2.  This hearing, scheduled under s 34A of the High Court Ordinance, is to determine if judges, who are full members (“members”) of the Jockey Club and/or the Cricket Club, should recuse themselves from hearing the appeal.

This is a great point.  Kudos to the two barristers who gave it a go.

3.  It is fair to point out that a significant percentage of judges of the High Court and above are members of the Jockey Club.  If judges, who are members of the Jockey Club, were to recuse themselves from hearing the appeal, it will be difficult to have a panel of judges to hear the appeal, both in the Court of Appeal and if the matter does not end there, in the Court of Final Appeal.

But this won’t affect the court’s conclusion. At all.  I mean it would be slightly ironic if there was a certain victim – in this case a rich powerful victim like the Jockey Club, who could never get justice because no senior judge could ever hear the case.

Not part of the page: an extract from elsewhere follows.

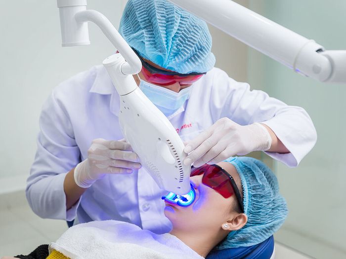 Một trong những phương pháp tiêu biểu là dịch vụ tẩy trắng răng bằng công Nghệ Bleach Bright tại nha khoa Việt Nhật. Ngoài ra, còn có nhiều địa chỉ chăm sóc răng miệng uy tín khác áp dụng phương pháp này. Gel làm trắng kết hợp với ánh sáng phù hợp giúp loại bỏ mảng bám và vệt ố vàng trên răng một cách nhanh chóng mà không gây tổn thương cho nướu lợi hay làm mòn bề mặt men răng.

4.  Nevertheless, the question has to be resolved as a matter of law, whatever difficulty or inconvenience that it may lead to.

This is reassuring.  I wasn’t sure that’s what Judges did, but the crisis has been resolved.  They resolve questions according to the law, without regard to difficulty or inconvenience.

And so on to the heart of the matter:

15.  Whilst the Jockey Club can be said to have a pecuniary and non-pecuniary interest in the outcome of the appeal by reason of the restitution order and its decision to expel the appellant, although the pecuniary interest is of little tangible value, members of the Jockey Club cannot be said to have such an interest.

16.  Members of the Jockey Club pay a fixed monthly subscription fee for the privilege of enjoying the recreational facilities it provides. Members of the Jockey Club, not being stewards and/or voting members, do not take part in its management and could not be said to have any common interest with the Jockey Club relating to the outcome of this appeal.

17.  The suggestion that a judge, who is a member of the Jockey Club, sitting in judgment of this appeal, is a judge of his own cause is unfounded. Members of the Jockey Club, in my view, do not any direct or indirect interest, pecuniary or otherwise, in the outcome of the appeal.

18.  A fair-minded and informed member of the public would not have any reasonable apprehension or suspicion that judges, who are members of the Jockey Club, might have been biased against the appellant.

And the answer is…..

20.  In my view, the appellant’s right to a fair hearing by an independent and impartial tribunal established by law will not be violated if the appeal is heard by judges who are members of the Jockey Club. The objection raised by the appellant is not a valid one.

Of course I guess the more interesting question would be if Yeung JA was himself a member of the Jockey Club, as then he would definitely be sitting in his own case – the case of all judges who are members of the Jockey Club eligible to hear this case in the Court of Appeal or the Court of Final Appeal.